The past few years have redefined structural biology. Modern AI predictors made high-quality models accessible in minutes, and that success created a reflex: default to the newest neural model for every task. In practice, many engineering problems still benefit from constraint-aware, physics/empirical tools that let you control what changes and what stays fixed. This is where Rosetta and FoldX continue to deliver.
🧠 What DL Predictors Are Great At
Rapid, plausible 3D models from sequence. For new proteins or distant homologs, AlphaFold and ESMFold provide high-confidence monomer models quickly; newer diffusion/co-folding approaches (e.g., Boltz families) expand to assemblies and interfaces.
Throughput for exploration. Screening many sequences or variants for coarse structural plausibility is now tractable: generate models, check confidence metrics, and cluster shapes before deeper work.
Independent cross-checks. DL predictions give an orthogonal sanity check alongside physics-based scoring and experimental data—useful triangulation in early design.
🚧 Where DL Falls Short for Engineering
Limited control and constraints. Predictors typically rebuild the whole structure. They are not designed to “freeze” experimental coordinates while you alter a specific region under user-defined constraints.
Energetics are indirect. Confidence metrics and learned potentials don’t replace explicit ΔΔG for stability or binding, nor do they capture all environment- or condition-specific effects without careful interpretation.
Attractive, but sometimes misleading. Beautiful predictions can mask subtle packing errors, strained geometry, or lost contact networks that matter in function and manufacturability.
🛠️ What Rosetta & FoldX Still Do Uniquely Well
Local, constraint-aware remodeling (Rosetta). Define exactly which atoms can move, sample local backbone (Backrub/KIC/CCD), repack or design side chains, and relax the result—all while keeping the rest of the complex essentially fixed.
Fast empirical triage (FoldX). Rapidly estimate stability changes and complex binding energies, scan positions exhaustively, and prioritize variants before investing in heavy sampling or MD.

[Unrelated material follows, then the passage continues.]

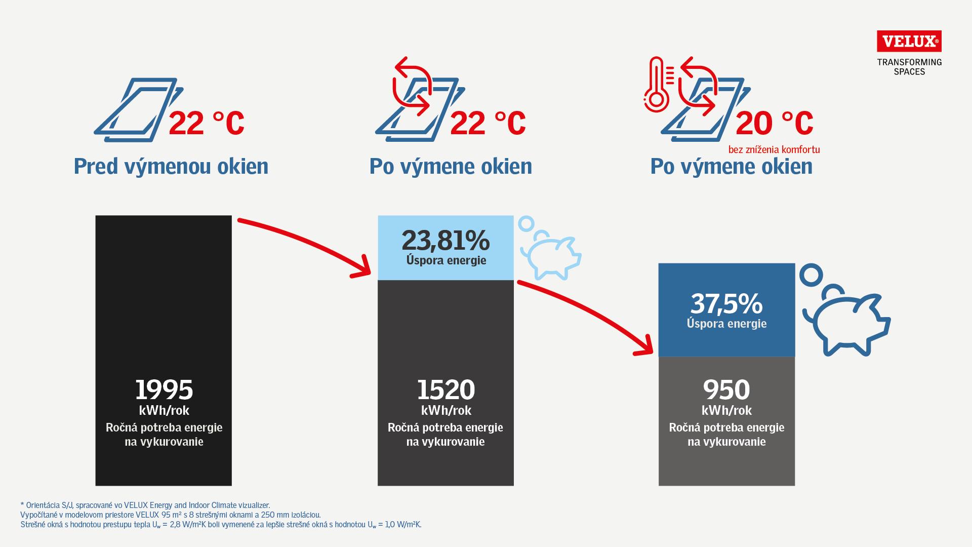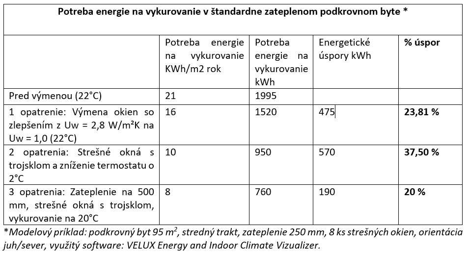 Moderné strešné okno ihneď po jeho výmene zlepšuje hospodárenie s energiami. Nie vždy je priestor a čas na komplexnú renováciu. Výmena strešných okien je oproti tomu rýchlo realizovateľné opatrenie bez väčšieho neporiadku a umožňuje znížiť teplotu na termostate bez straty pohodlia. Nové strešné okná v kombinácii s ďalšími dvoma úspornými opatreniami môžu pomôcť znížiť potrebu energie na vykurovanie o desiatky percent. Prehľad opatrení a ich dosah na úsporu v modelovom podkroví tu:

Transparent knobs. Task operations, resfiles, coordinate constraints, and score terms make assumptions explicit, enabling methodical iteration and clear rationale in reports and methods sections.
🧭 A Grounded Decision Guide
- Need a quick fold for a brand-new sequence? Start with AlphaFold/ESMFold; use them to scope feasibility and generate starting models.

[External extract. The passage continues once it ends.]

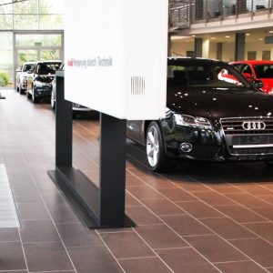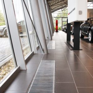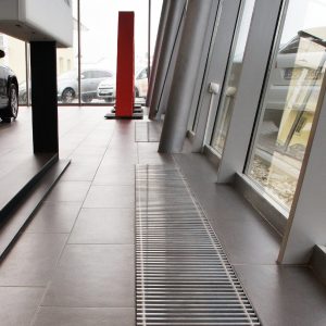 Salon samochodowy AUDI w Częstochowie jest nowoczesnym i przestronnym obiektem z dużymi przeszkleniami, w którym ogrzewanie kanałowe Verano znalazło zastosowanie grzewcze. Ogromna kubatura salonu i przeszklenia, wymusiły zastosowanie urządzeń tego typu. Grzejniki kanałowe wmontowane w posadzkę wzdłuż okien, gwarantują dyskrecję oraz maksimum miejsca potrzebnego w tego typu działalności ekspozycyjnej jaką jest prezentacja najnowszych rozwiązań motoryzacyjnych.

- Must preserve known geometry and edit only a region? Use Rosetta with coordinate constraints; add FoldX to triage variants by ΔΔG and interaction energy.

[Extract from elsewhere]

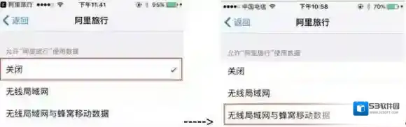 5.如果泡泡趴不存在此列表中,请选择列表中已有的任意一款应用,重新设置一次该应用的联网权限。以阿里旅行为例,将其联网权限设置为“关”后,再设置为“无线局域网与蜂窝移动”

- Screening a large design space? Combine both: DL for breadth (plausible shapes), FoldX for fast energetics, Rosetta for high-fidelity refinement of finalists.
- Validating robustness? Short, restrained MD (OpenMM/GROMACS) to assess local mobility (RMSF) and detect fragile packing.
🔄 A Practical “Best-of-Both” Workflow
- Start from the most trustworthy structure. Clean the PDB, define the edit window, and document constraints.
- FoldX triage. Repair once; scan targeted mutations; compute ΔΔG for stability and complex interaction energy to down-select.
- Rosetta refinement. Freeze everything you want preserved; sample local backbone and repack/design allowed residues; relax under Cartesian coordinates.
- Lightweight dynamics. Run short restrained MD to confirm rigidity/consistency and catch hidden clashes or strain.
- DL cross-check (optional). Re-fold finalists with AlphaFold/ESMFold to confirm secondary-structure tendencies and gross compatibility; treat as corroboration, not ground truth.
⚠️ Pitfalls to Avoid
- Tool-first thinking. Start from the scientific question and constraints; pick tools to match, not because they’re new or popular.
- Single-model overconfidence. Always examine ensembles and stress-test with alternative methods; look at geometry, packing, energetics, and dynamics together.
- Ignoring binding energetics. For complexes, evaluate interaction energy explicitly (e.g., FoldX or appropriate Rosetta terms), not just model confidence.
✅ Takeaways
Deep learning made protein models fast and accessible—an enormous win. But method fit matters: for controlled, local engineering with preserve-this-don’t-move-that requirements, Rosetta and FoldX remain the right starting points. Use DL predictors as powerful companions for exploration and cross-checks, not as one-size-fits-all solutions.